Who does not like brownies?
Well I actually don’t. But put down your pitchforks, there’s a simple explanation. I can’t bake brownies. Mine always, without fail, turn out unbelievably dry and far too dense for human consumption. At least, my own consumption. Much like the humble lasagna, which I too have failed to master, I felt like I was doomed to roam the Earth, ever cursed to produce nothing more than rock hard, inedible brownies. That was until I came across a simple recipe for easy mug brownies that someone had posted on Facebook. Who? I can not remember, but thank you, whoever you are.

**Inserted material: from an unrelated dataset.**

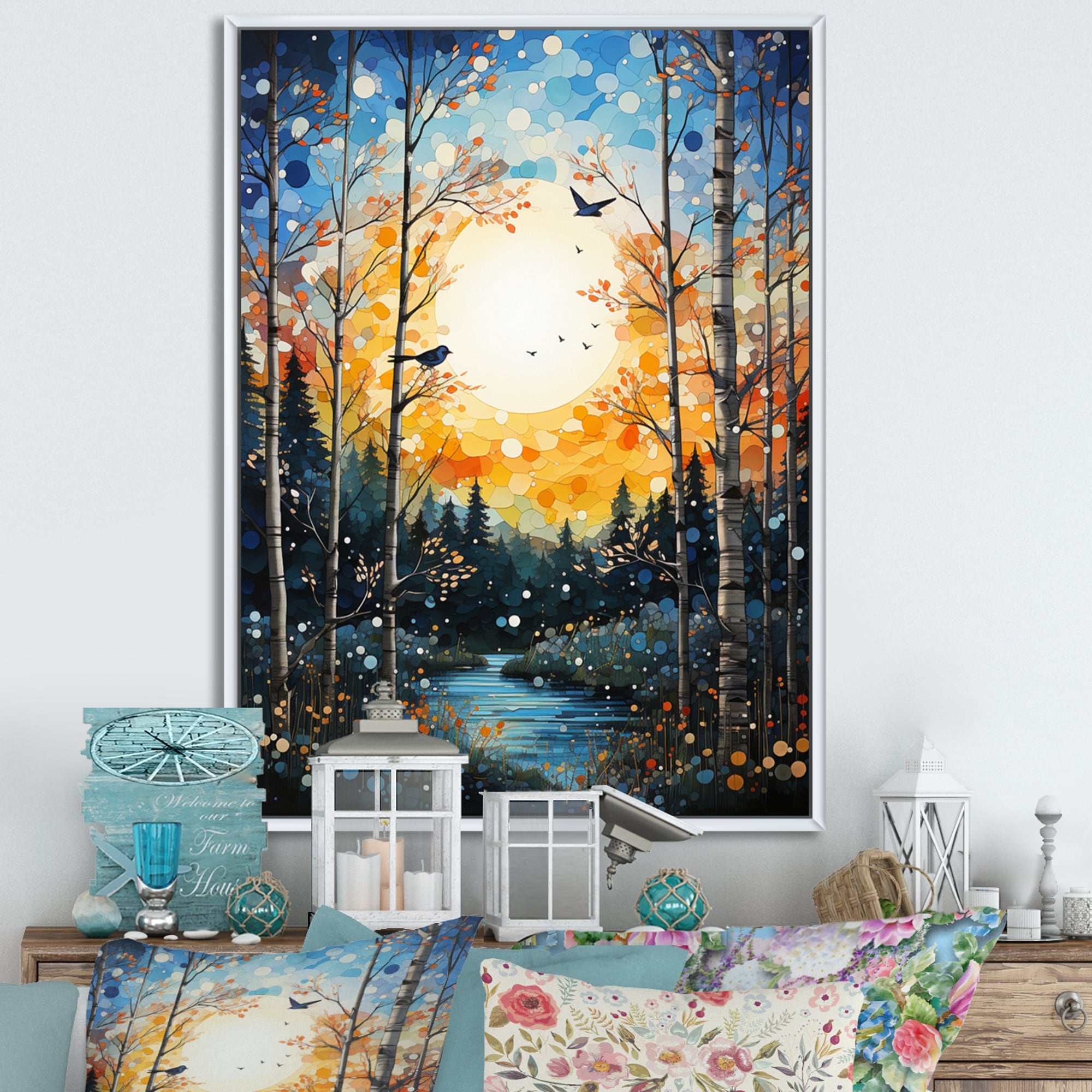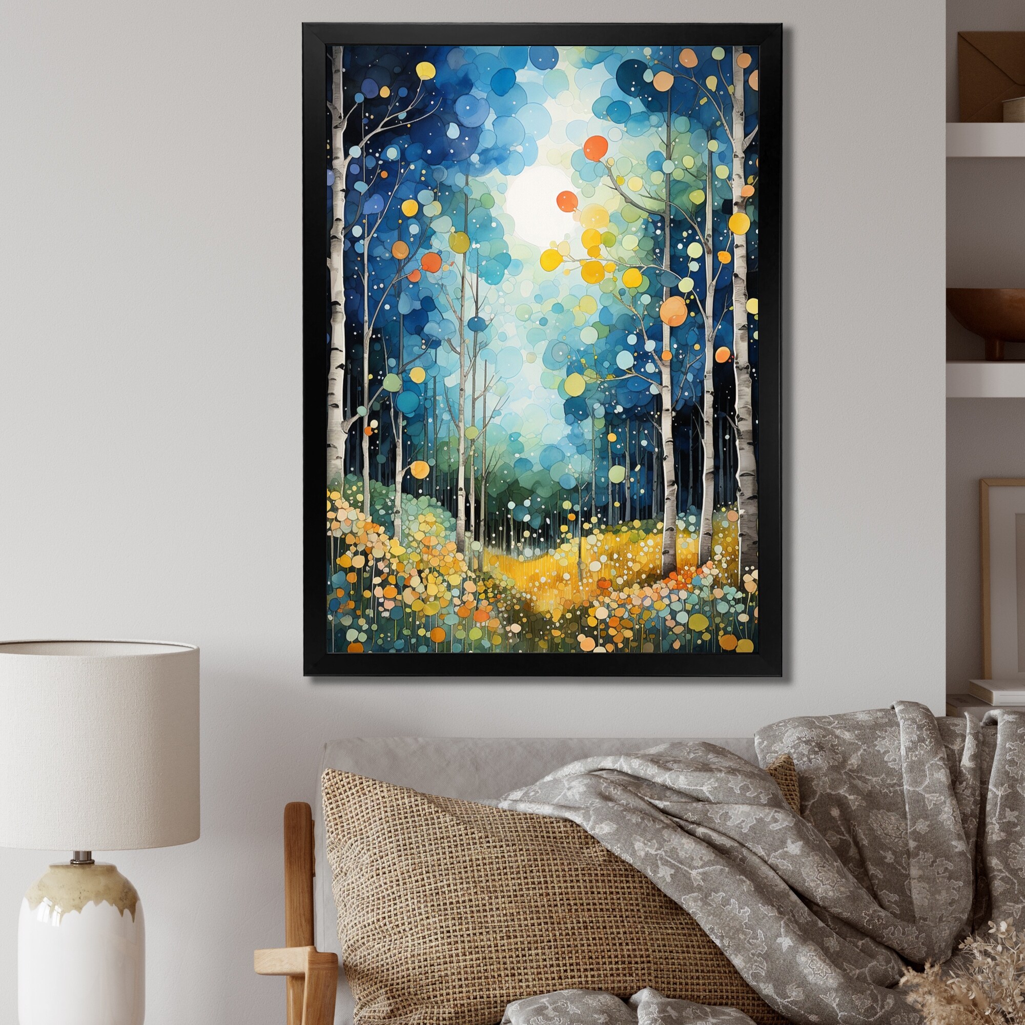 Designart "Forest Silent Symphony Pointillism II" Forest Framed Canvas Print

I mean, sure I questioned the validity and reliability of such a thing. Easy mug brownies? Really? Plus the image accompanying said post hardly looked appealing. But since I have been confined to a non air-conditioned home these last few, unbearably hot days, I thought I’d give this recipe for easy mug brownies a go. I mean what else did I have to lose? Sanity? Already long gone by this point.

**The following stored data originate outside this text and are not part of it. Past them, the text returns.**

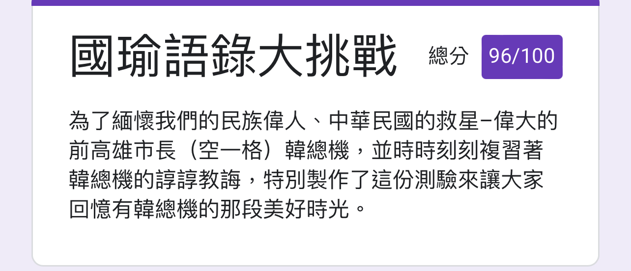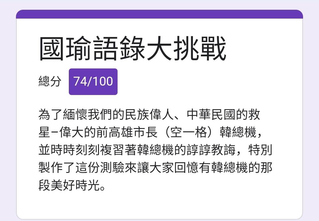 xerxes79: 80分 我最後一題竟然選成高雄發大財02/04 13:28
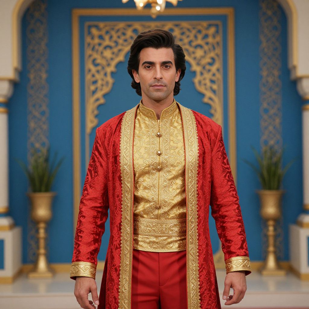 Photograph of a handsome man with dark hair, wearing an ornate red and gold traditional outfit, standing in an opulent blue and gold decorated room
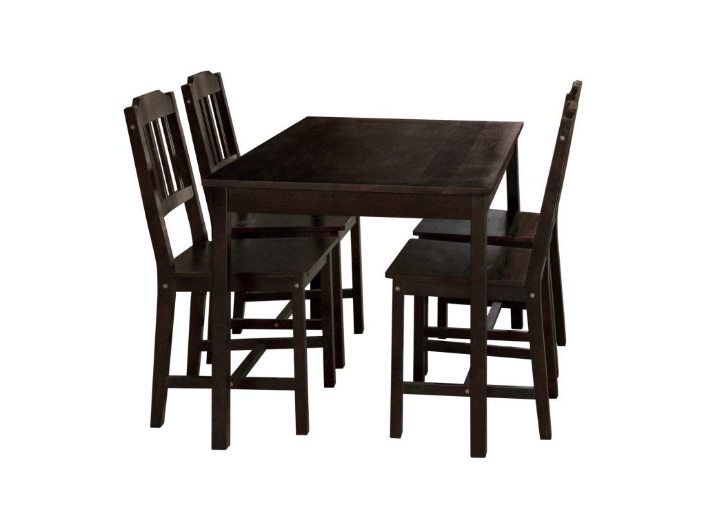 materiál masiv borovice, barevné provedení tmavě hnědý lak sestava obsahuje stůl a 4 židle, výška sedu židle 45 cm rozměr stolu (š/h/v) 118 × 75 × 73 cm rozměr židle (š/h/v) 41 × 42 × 86 cmDoplňkové parametry
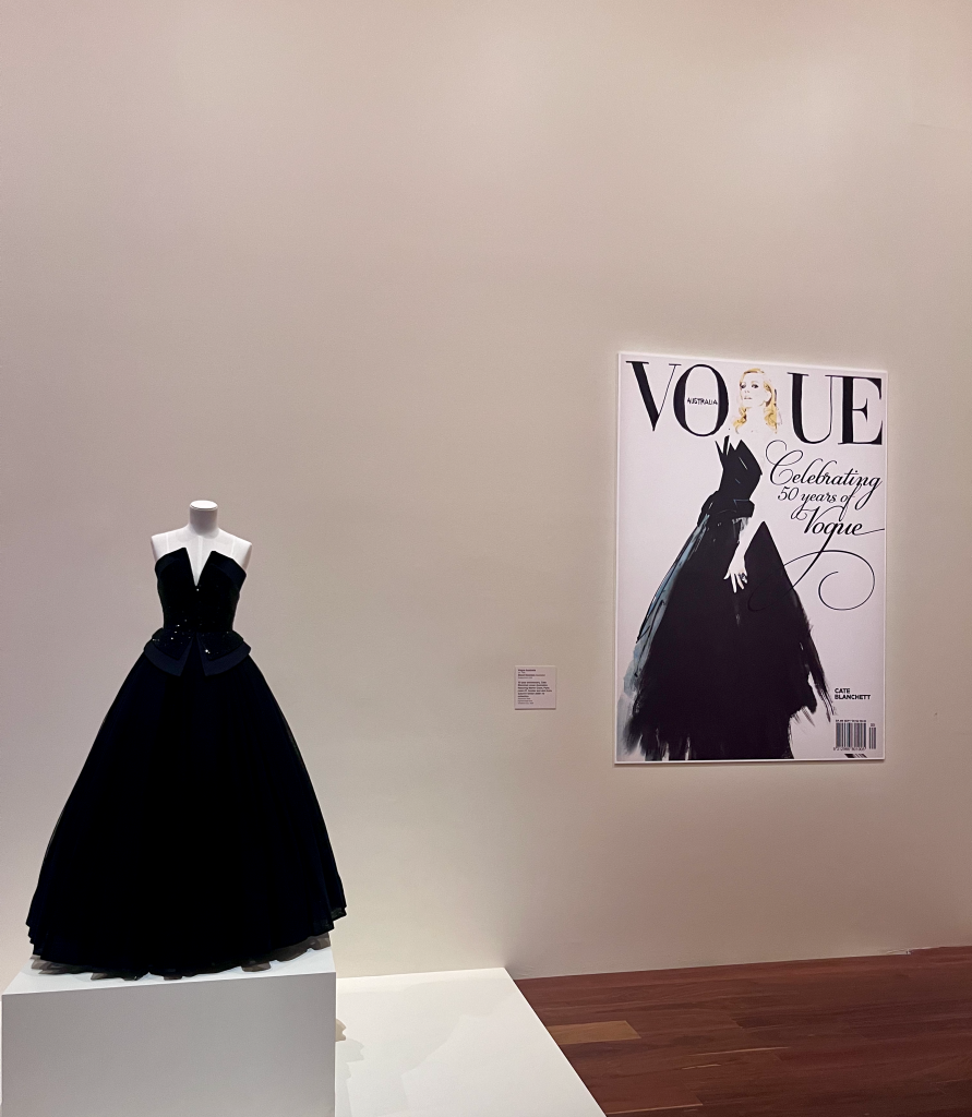 The exhibition showcases several of Grant’s evening gowns all of which are stunning. Two standouts are the red taffeta gown with a sweeping train. The other, a black bustier trimmed with Swarovski crystals and tulle skirt. Cate Blanchett, a long time follower of Grant, was illustrated wearing this gown for the 50th anniversary of Vogue Australia

I did tweak my mug brownie here and there. Originally the recipe called for olive oil but I find it to be too overpowering in cakes, so I opted for sunflower oil instead. Feel free to improvise if you don’t have either on hand, like with canola oil or even olive oil if you fancy.
Surprisingly, my little and ever so easy mug brownie turned out deliciously well. It was actually moist but a little bland on its own, however paired with the luxury of some refreshing and organic vanilla ice cream it’s even more delectable. Truly idiot proof and effortless. Try it for yourselves and let me know how you go.
1/4 cup caster sugar
1/4 cup plain flour
2 tbs cocoa
2 tbs sunflower oil
3 tbs water
Combine all the dry ingredients into a mug and mix well.
Add the oil and water and stir until combined and has a smooth but thick consistency.